__STUDY MATERIAL__:
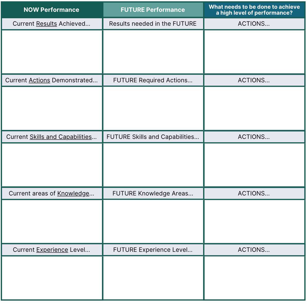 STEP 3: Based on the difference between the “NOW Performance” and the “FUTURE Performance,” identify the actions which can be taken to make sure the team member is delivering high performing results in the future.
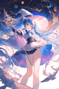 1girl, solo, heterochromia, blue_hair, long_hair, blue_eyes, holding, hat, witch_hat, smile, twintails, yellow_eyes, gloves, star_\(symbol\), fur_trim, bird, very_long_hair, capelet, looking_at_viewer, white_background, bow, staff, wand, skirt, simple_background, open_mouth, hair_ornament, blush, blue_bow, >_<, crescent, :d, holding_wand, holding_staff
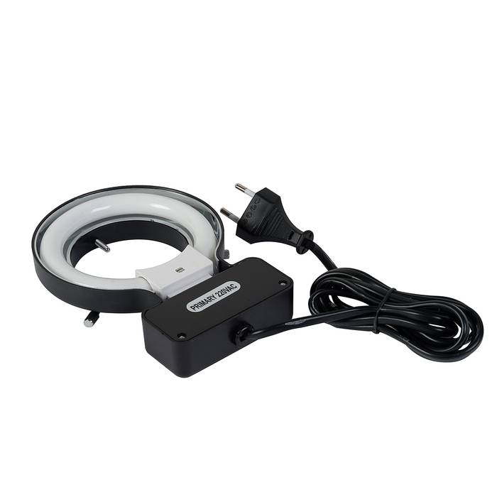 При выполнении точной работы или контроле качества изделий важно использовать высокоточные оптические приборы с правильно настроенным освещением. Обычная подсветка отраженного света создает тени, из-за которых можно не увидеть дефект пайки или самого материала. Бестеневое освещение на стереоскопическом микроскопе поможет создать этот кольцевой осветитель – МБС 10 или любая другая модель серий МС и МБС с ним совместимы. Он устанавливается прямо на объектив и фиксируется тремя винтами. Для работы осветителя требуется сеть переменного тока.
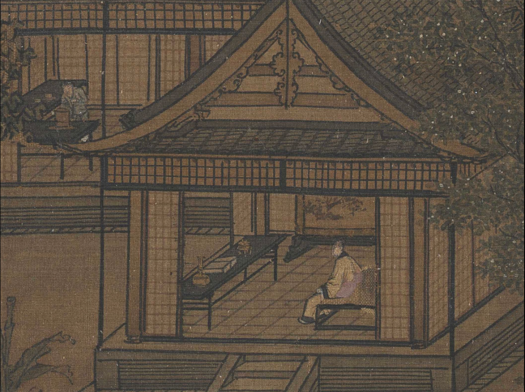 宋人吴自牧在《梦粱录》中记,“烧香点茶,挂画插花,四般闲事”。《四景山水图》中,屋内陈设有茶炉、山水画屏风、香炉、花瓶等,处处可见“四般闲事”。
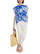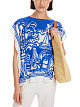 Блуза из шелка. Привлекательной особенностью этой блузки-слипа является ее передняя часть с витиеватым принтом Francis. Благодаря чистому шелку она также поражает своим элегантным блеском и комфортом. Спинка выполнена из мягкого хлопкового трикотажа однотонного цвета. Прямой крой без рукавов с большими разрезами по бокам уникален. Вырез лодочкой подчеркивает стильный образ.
--
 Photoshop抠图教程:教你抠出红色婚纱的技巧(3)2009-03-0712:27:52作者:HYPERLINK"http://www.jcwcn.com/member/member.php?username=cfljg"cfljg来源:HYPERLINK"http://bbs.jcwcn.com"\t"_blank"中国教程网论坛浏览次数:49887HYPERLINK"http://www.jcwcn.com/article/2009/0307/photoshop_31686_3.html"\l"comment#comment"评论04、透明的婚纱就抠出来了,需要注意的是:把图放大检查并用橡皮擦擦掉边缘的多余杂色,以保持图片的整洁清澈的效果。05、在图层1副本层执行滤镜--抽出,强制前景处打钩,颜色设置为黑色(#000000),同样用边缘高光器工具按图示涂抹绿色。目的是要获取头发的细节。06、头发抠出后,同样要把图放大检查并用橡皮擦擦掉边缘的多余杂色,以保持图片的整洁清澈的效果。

__PROMPT__:
Only one stretch of the material above is wanted: the line containing "STEP 3: Based" through the line containing "crescent, :d, holding_wand, holding_staff". Restate it word for word, minus the pictures.

__RESPONSE BELOW__:
 STEP 3: Based on the difference between the “NOW Performance” and the “FUTURE Performance,” identify the actions which can be taken to make sure the team member is delivering high performing results in the future.
 1girl, solo, heterochromia, blue_hair, long_hair, blue_eyes, holding, hat, witch_hat, smile, twintails, yellow_eyes, gloves, star_\(symbol\), fur_trim, bird, very_long_hair, capelet, looking_at_viewer, white_background, bow, staff, wand, skirt, simple_background, open_mouth, hair_ornament, blush, blue_bow, >_<, crescent, :d, holding_wand, holding_staff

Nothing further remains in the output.